Read the data set from Lecture 4.
dat2 <- read.table("lecture4ex2.csv", sep=",", header=TRUE)
First, check whether the interviewers’ sex predict the random intercept.
library(lme4)
out2m1 <- lmer(score ~ 1 + eesex + I(iq - 100) + (1 + eesex|erid), data=dat2, REML=FALSE)
out2m1a <- lmer(score ~ 1 + eesex + I(iq - 100) + ersex + (1 + eesex|erid), data=dat2, REML=FALSE)
anova(out2m1, out2m1a)
## Data: dat2
## Models:
## out2m1: score ~ 1 + eesex + I(iq - 100) + (1 + eesex | erid)
## out2m1a: score ~ 1 + eesex + I(iq - 100) + ersex + (1 + eesex | erid)
## npar AIC BIC logLik deviance Chisq Df Pr(>Chisq)

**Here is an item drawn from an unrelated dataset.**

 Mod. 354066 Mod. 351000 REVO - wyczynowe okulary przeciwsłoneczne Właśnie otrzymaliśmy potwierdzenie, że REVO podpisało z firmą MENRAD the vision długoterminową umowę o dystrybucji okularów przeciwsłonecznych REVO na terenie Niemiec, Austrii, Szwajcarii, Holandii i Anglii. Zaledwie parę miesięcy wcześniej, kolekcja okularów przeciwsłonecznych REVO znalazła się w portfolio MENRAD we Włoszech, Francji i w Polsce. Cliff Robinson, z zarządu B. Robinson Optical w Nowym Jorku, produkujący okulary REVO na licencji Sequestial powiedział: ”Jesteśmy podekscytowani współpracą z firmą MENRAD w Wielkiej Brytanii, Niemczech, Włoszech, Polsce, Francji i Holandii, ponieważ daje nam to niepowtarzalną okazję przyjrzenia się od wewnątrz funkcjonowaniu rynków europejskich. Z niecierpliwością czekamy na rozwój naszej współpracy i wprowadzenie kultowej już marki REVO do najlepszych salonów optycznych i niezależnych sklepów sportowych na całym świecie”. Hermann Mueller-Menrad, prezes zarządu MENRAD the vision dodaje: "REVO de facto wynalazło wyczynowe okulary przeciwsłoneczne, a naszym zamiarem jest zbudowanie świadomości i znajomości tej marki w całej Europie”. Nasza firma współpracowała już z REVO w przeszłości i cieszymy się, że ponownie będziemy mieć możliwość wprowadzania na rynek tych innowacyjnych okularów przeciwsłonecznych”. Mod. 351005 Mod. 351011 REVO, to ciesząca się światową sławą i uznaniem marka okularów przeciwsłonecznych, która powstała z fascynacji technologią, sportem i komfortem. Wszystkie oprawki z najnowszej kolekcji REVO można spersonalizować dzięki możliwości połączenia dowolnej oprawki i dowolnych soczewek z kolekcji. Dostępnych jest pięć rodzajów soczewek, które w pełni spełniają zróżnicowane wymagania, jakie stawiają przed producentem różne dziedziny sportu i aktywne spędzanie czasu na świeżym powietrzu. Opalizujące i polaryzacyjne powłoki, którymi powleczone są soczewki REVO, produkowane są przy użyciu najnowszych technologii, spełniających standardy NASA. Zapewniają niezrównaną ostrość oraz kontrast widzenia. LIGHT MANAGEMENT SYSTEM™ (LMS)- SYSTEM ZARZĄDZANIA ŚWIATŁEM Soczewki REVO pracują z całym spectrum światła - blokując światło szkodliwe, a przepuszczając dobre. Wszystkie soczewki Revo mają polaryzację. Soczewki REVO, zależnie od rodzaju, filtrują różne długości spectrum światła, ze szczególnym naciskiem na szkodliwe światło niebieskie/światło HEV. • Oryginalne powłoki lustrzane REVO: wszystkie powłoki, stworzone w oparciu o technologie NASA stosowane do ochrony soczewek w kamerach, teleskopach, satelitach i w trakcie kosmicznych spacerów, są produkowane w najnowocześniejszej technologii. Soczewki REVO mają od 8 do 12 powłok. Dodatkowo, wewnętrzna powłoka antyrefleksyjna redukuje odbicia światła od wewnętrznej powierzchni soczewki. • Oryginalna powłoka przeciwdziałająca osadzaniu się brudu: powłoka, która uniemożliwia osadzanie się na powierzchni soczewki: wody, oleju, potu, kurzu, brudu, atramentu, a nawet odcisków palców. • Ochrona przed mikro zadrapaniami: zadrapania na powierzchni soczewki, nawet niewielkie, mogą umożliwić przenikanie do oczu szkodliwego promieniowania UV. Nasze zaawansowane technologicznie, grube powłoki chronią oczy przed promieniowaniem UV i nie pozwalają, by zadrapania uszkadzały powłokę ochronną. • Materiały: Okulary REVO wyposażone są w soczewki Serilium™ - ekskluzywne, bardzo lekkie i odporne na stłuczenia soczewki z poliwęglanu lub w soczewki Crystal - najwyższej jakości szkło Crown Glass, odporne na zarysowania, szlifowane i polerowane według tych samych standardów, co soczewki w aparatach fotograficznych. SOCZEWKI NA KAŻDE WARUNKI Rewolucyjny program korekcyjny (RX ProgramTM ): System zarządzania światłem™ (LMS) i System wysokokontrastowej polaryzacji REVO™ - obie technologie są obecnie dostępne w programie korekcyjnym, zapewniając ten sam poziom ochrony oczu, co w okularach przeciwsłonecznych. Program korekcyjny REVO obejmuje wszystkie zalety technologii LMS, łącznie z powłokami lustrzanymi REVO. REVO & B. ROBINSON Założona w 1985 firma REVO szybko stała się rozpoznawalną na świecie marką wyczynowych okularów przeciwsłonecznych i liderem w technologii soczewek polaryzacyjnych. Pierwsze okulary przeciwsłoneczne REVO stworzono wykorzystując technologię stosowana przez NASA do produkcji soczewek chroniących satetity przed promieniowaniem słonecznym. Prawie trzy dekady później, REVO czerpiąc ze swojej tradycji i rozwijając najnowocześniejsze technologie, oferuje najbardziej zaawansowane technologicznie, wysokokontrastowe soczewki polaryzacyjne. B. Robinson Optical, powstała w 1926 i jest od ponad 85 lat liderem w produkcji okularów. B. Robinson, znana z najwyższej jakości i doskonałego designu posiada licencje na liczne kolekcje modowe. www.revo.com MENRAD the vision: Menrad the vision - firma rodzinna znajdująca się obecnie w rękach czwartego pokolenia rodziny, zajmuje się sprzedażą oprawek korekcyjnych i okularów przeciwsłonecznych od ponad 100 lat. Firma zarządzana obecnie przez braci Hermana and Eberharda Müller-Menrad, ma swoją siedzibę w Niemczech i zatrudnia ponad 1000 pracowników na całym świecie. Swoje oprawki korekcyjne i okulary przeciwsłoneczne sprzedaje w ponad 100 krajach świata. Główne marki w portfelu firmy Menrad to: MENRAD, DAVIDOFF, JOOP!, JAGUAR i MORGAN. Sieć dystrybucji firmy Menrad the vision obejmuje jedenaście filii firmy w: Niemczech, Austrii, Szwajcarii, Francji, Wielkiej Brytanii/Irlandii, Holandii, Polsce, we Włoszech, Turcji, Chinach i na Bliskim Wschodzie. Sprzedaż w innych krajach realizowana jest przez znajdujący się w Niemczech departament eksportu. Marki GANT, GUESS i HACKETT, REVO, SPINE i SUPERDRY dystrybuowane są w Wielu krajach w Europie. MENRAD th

## out2m1 7 61669 61719 -30828 61655
## out2m1a 8 61669 61727 -30826 61653 2.0971 1 0.1476
Even though the interviewers’ sex effect on interview scores was not
significant, the interviewers’ sex will be used to predict random slopes
of interviewees’ sex. For running likelihood ratio test, in the full
model, out2m1b
, interviewers’ sex predicts both random
intercept and random slope while, in the restricted model,
out2m1a
, interviewers’ sex predicts only random
intercept.
out2m1b <- lmer(score ~ 1 + eesex + I(iq - 100) + ersex + eesex:ersex
+ (1 + eesex|erid), data=dat2, REML=FALSE)
anova(out2m1a, out2m1b)
## Data: dat2
## Models:
## out2m1a: score ~ 1 + eesex + I(iq - 100) + ersex + (1 + eesex | erid)
## out2m1b: score ~ 1 + eesex + I(iq - 100) + ersex + eesex:ersex + (1 + eesex | erid)

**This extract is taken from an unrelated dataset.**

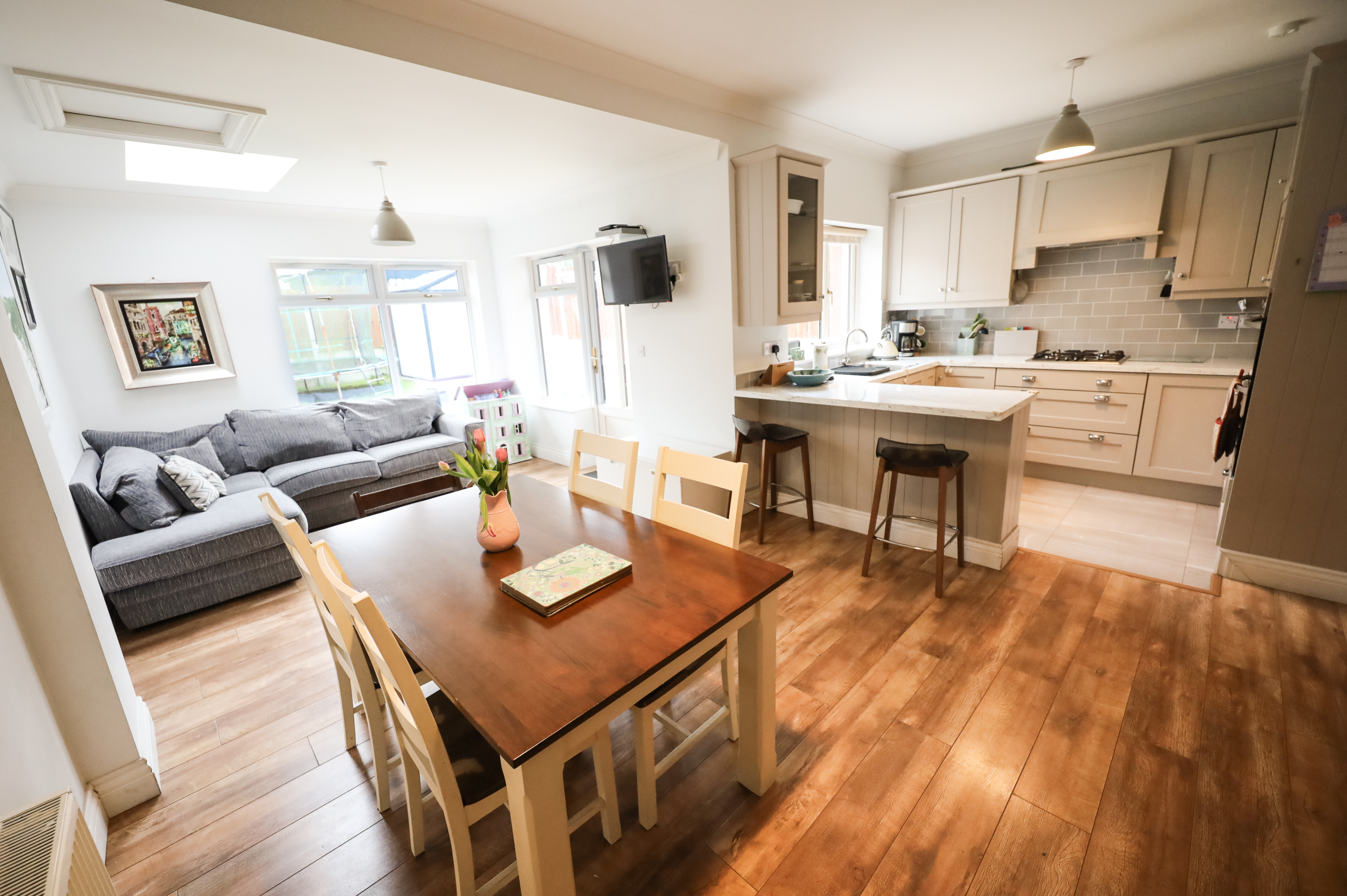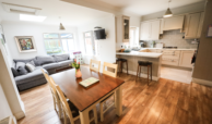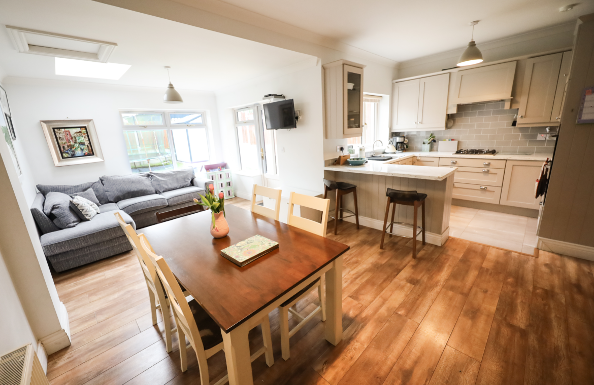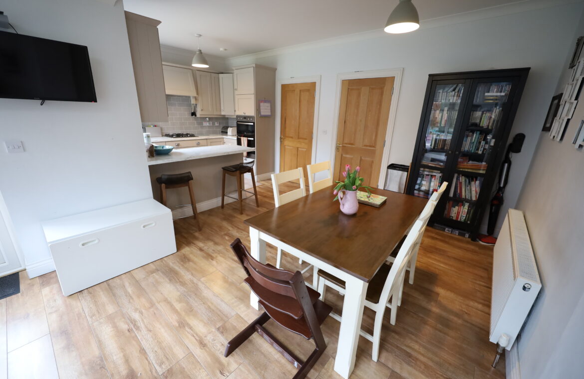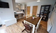 Dining/Living area with high quality laminate flooring. High ceiling in kitchen/dining area with coving.

## npar AIC BIC logLik deviance Chisq Df Pr(>Chisq)
## out2m1a 8 61669 61727 -30826 61653
## out2m1b 9 61641 61706 -30812 61623 29.87 1 4.619e-08 ***
## ---
## Signif. codes: 0 '***' 0.001 '**' 0.01 '*' 0.05 '.' 0.1 ' ' 1
Run the summary
function, the fixed effect of
interaction was significant.
summary(out2m1b)
## Linear mixed model fit by maximum likelihood ['lmerMod']

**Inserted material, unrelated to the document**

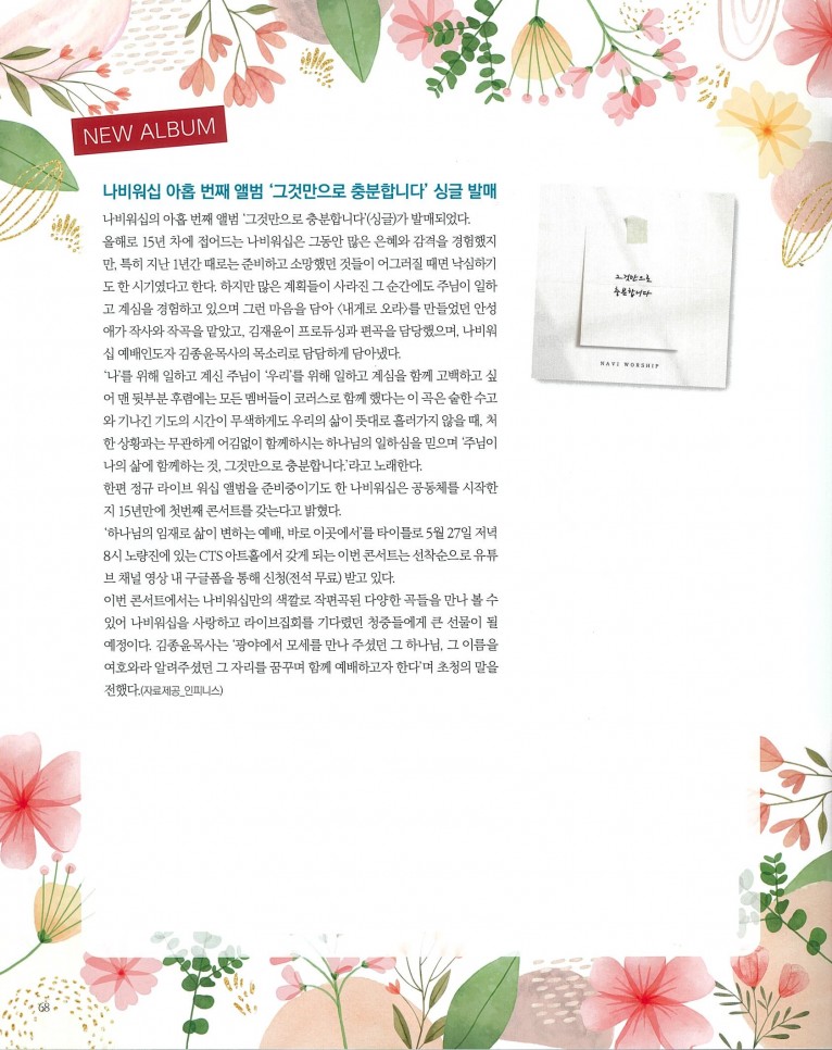 뮤직타임 [잡지] New Album_ 그것만으로 충분합니다 (싱글) 등 2편(월간 Church Media 2024.6월호)

## Formula: score ~ 1 + eesex + I(iq - 100) + ersex + eesex:ersex + (1 +
## eesex | erid)
## Data: dat2
##
## AIC BIC logLik deviance df.resid
## 61641.0 61705.9 -30811.5 61623.0 9991
##
## Scaled residuals:
## Min 1Q Median 3Q Max
## -3.7413 -0.6367 -0.0048 0.6410 3.4320
##
## Random effects:
## Groups Name Variance Std.Dev. Corr
## erid (Intercept) 20.1152 4.4850
## eesex 0.7979 0.8933 0.12
## Residual 21.7645 4.6652
## Number of obs: 10000, groups: erid, 1000
##
## Fixed effects:
## Estimate Std. Error t value
## (Intercept) 75.538700 0.221217 341.469
## eesex -0.413234 0.137868 -2.997
## I(iq - 100) 0.029418 0.003299 8.918
## ersex 0.009887 0.312847 0.032
## eesex:ersex 1.073648 0.194981 5.506
##
## Correlation of Fixed Effects:
## (Intr) eesex I(-100 ersex
## eesex -0.253
## I(iq - 100) -0.003 0.001
## ersex -0.707 0.179 0.002
## eesex:ersex 0.179 -0.707 -0.008 -0.253
The effects
package is used to calcuate the expected
means of interview ratings in each combination of interviewer’s and
interviewee’s sex.
library(effects)
eff2m1b <- effect(term="eesex:ersex", mod=out2m1b,
xlevels=list(ersex=c(0, 1), eesex=c(0, 1)))
summary(eff2m1b)
##
## eesex*ersex effect
## ersex
## eesex 0 1
## 0 75.54466 75.55455
## 1 75.13143 76.21496
##
## Lower 95 Percent Confidence Limits
## ersex
## eesex 0 1
## 0 75.11103 75.12092
## 1 74.68215 75.76568
##
## Upper 95 Percent Confidence Limits
## ersex
## eesex 0 1
## 0 75.97829 75.98818
## 1 75.58070 76.66424
The expected means are used to make a clustered bar graph using the
ggplot2
package.
library(ggplot2)
mydat <- as.data.frame(eff2m1b)
mydat$eesex <- factor(mydat$eesex, labels=c("Male", "Female"))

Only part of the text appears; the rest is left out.